— Как зовут-то тебя? — опомнясь, спросила Груня.
— А тебя как? — с задорной настойчивостью повторил мальчик, и она рассмеялась.
— Да ты чего чудной такой, а? — Она торопливо рылась в своих карманах, но ничего не находила. — Груней меня зовут… Из деревни я, в колхозе живу…
— А меня Павлик… Мы из города приехали вон с той тетей… Папка на фронте, а мама… — Мальчик замялся, низко опустил голову и досказал шепотом: — Нету мамы…
Груня прижала мальчика к себе. Он притих у ее плеча и дышал теплом ей в щеку.
— А это у тебя чего? Кнут? А ты что, на коне ездишь? Дай, — он дернул за кнутовище, которое Груня держала подмышкой, и она расслабила руку.
— Бери!
— Насовсем?
Груня улыбнулась:
— Бери насовсем.
Мальчик схватил кнут, бросился к своим товарищам, но вернулся.
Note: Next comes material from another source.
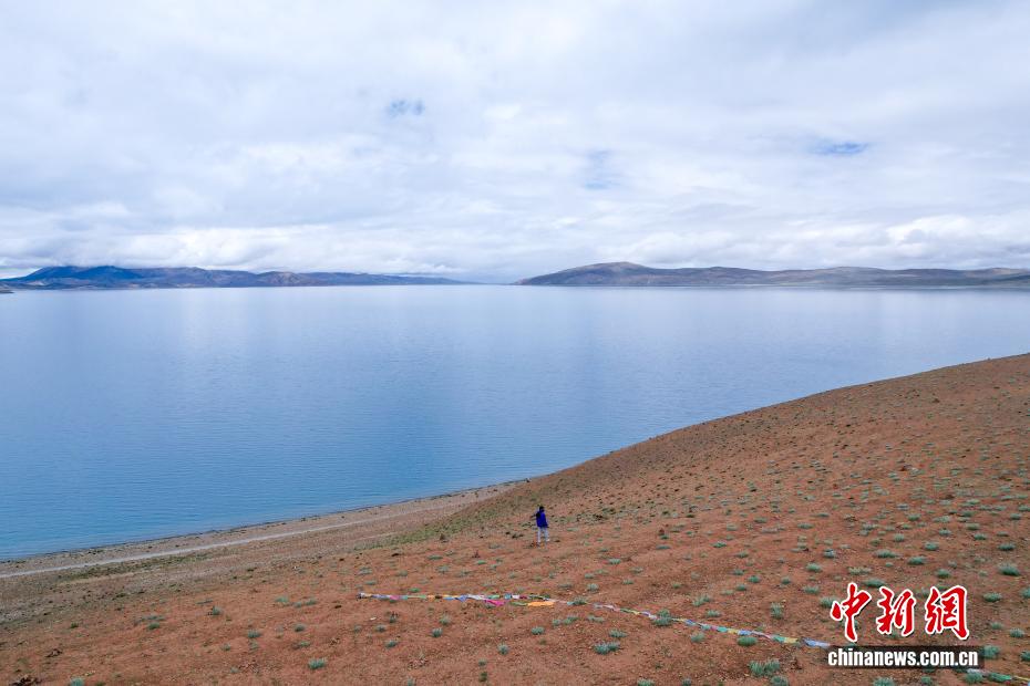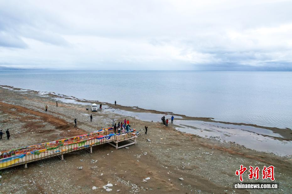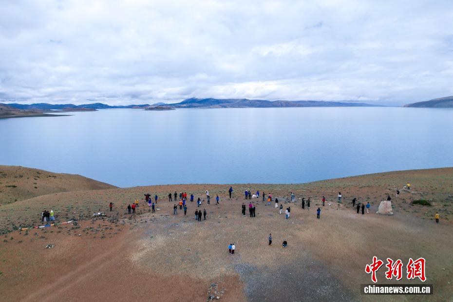 7月22日,游客游覽瑪旁雍錯(cuò)?,斉杂哄e(cuò)與拉昂錯(cuò)位于西藏阿里地區(qū)普蘭縣境內(nèi),兩湖僅有一堤之隔,卻擁有不同的地理特征和咸淡水之分,因而分別被譽(yù)為“圣湖”與“鬼湖”。每年夏天,兩湖與附近的岡仁波齊一道,吸引眾多游客前來賞景游覽。(無人機(jī)照片)中新社記者 張祥毅 攝

Он доверчиво подходил к Груне, мигая светлыми ресницами.
— Тетя, — он просяще заглянул в ее глаза, — а ты придешь еще?
— Приду.
Она смотрела вслед, едва сдерживаясь, чтобы не побежать за ним, чувствуя, как теплеют ее веки.
Станцию затягивали синие сумерки. В заезжей Груня задала коню корм и легла на отведенную ей в общей комнате койку.
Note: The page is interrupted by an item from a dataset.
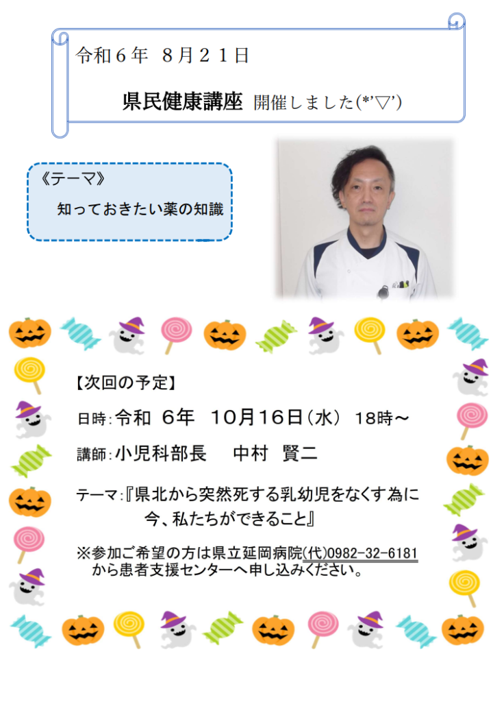 令和6年8月21日に県民健康講座(薬剤部)を開催しました!

Не спалось. Мешали непривычные шорохи чужой, необжитой избы. Мигала под потолком тусклая электрическая лампочка, скрипуче, как полоз на снегу, пел за стекой самовар, из полутемного угла доносился смешливый шепоток, словно пробивался сквозь бурелом и каменья невидимый ручей.
Груня думала о посевной, об уцелевших островках озимой, которую надо было подкормить теперь добытым удобрением, но странна, мысли эти сейчас мало волновали ее.
Заслоняя все заботы и тревоги, вставал перед ней кареглазый мальчик и спрашивал: «Тетя, а ты придешь еще?»
«Озорной какой… И кепку зачем-то задом наперед надел», — она улыбнулась, боясь сознаться себе, что такой баловной, непоседливый он еще больше ей по душе.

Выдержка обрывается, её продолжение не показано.